Hint: check out the filter method: https://daler.github.io/pybedtools/filtering.html

In [5]:
##Create a new BedTool object variants_within_Enh here:
chromHMM_Enh = chromHMM.filter(lambda x: x[3] == '7_Enh')
variants_within_Enh = variants.intersect(chromHMM_Enh)
print (variants_within_Enh)

chr22	19814170	19814171	C	T	ENSG00000232926.1
chr22	24251516	24251517	C	T	ENSG00000099977.9
chr22	36861319	36861320	C	T	ENSG00000100350.10
chr22	42396149	42396150	G	A	ENSG00000213790.2
chr22	42538398	42538399	C	T	ENSG00000270083.1
chr22	46660667	46660668	C	T	ENSG00000075234.12
chr22	50966633	50966634	G	T	ENSG00000130489.8



#### Some (maybe) more challenging tasks:
1. How many variants are there in each chromatin state?

In [6]:
from collections import Counter
variants_chromHMM= variants.intersect(chromHMM,wb=True)
chromHMM_count = Counter()
for variant in variants_chromHMM:
    chromHMM_count[variant[9]] += 1
chromHMM_count

Counter({'7_Enh': 7,
         '4_Tx': 11,
         '15_Quies': 32,
         '1_TssA': 1,
         '14_ReprPCWk': 8,
         '9_Het': 4,
         '5_TxWk': 30,
         '6_EnhG': 5,
         '2_TssAFlnk': 2})

2. What's the average distance between the variants and their nearest exons? (Hint: check out the closest method, you will also need the gff file `Homo_sapiens.GRCh37.87.chromosome.22.gff3.gz`)

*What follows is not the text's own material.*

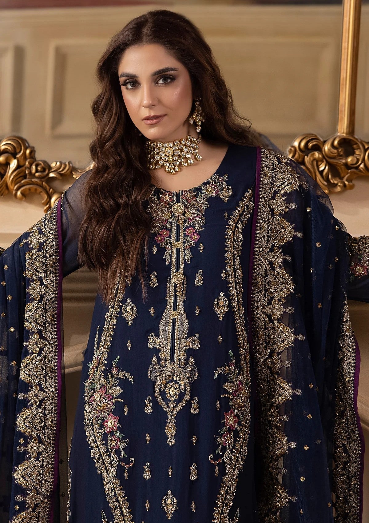 - Embroidered +Adda Work Dyed Chiffon sleeves 26 inches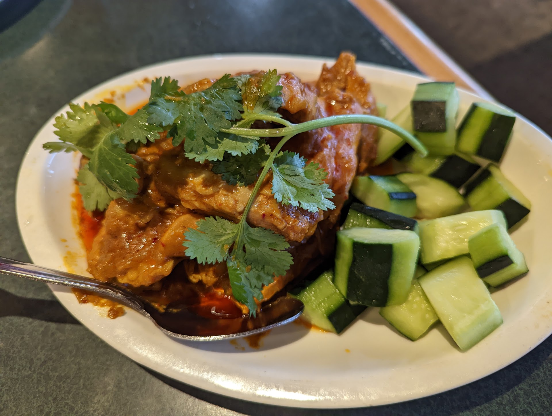 We ordered the salted cabbage and bean curd soup (Did not specify it had shrimp on the menu, and I am moderately allergic to shrimp). When the soup came out, we politely asked our server (bald headed guy) if they could change the soup since I mentioned I was allergic to shrimp. The new bowl of soup came back suspiciously quick, and to my fear when I was halfway thru my cup there was a little shrimp piece- seems like they just scooped out the shrimp from the previous bowl!

**Clarification**: the original gff file we provided has inconsistent naming convention with the bed file of variants (the first column was '22' instead of 'chr22'), which will cause errors for bedtools. The gff3 file has been updated, make sure you are using the latest version and sorry for the confusion.

In [7]:
genes = BedTool('data/Homo_sapiens.GRCh37.87.chromosome.22.gff3.gz')
exons = genes.filter(lambda x: x[2] == 'exon') #we only need annotations of exons

closest_exons = variants.closest(exons, d=True) #set d=True to output the distance

distances = []
for exon in closest_exons:
    distances.append(int(exon[-1]))  #the last column is the distance between variant and the closest exon 

average_distance = sum(distances)/len(distances)
print (average_distance)

1730.096256684492


---
## UCSC Genome Browser
Now let's pick the variant within DHS and in enhancer state: chr22:36861319-36861320, we can explore more genomic features around this variant through UCSC genome browser. You can find some helpful screenshots under `figures/UCSC_genome_browser.pdf`.
1. Go to https://genome.ucsc.edu/, choose Human GRCh37/hg19 build.
* Search for the varaint chr22:36861319-36861320.
* Explore information from different tracks, for examples:
  * ENCODE Regulation -> What are the ChIP-seq peaks around this variant?
  * Conservation -> What does the conservation score imply?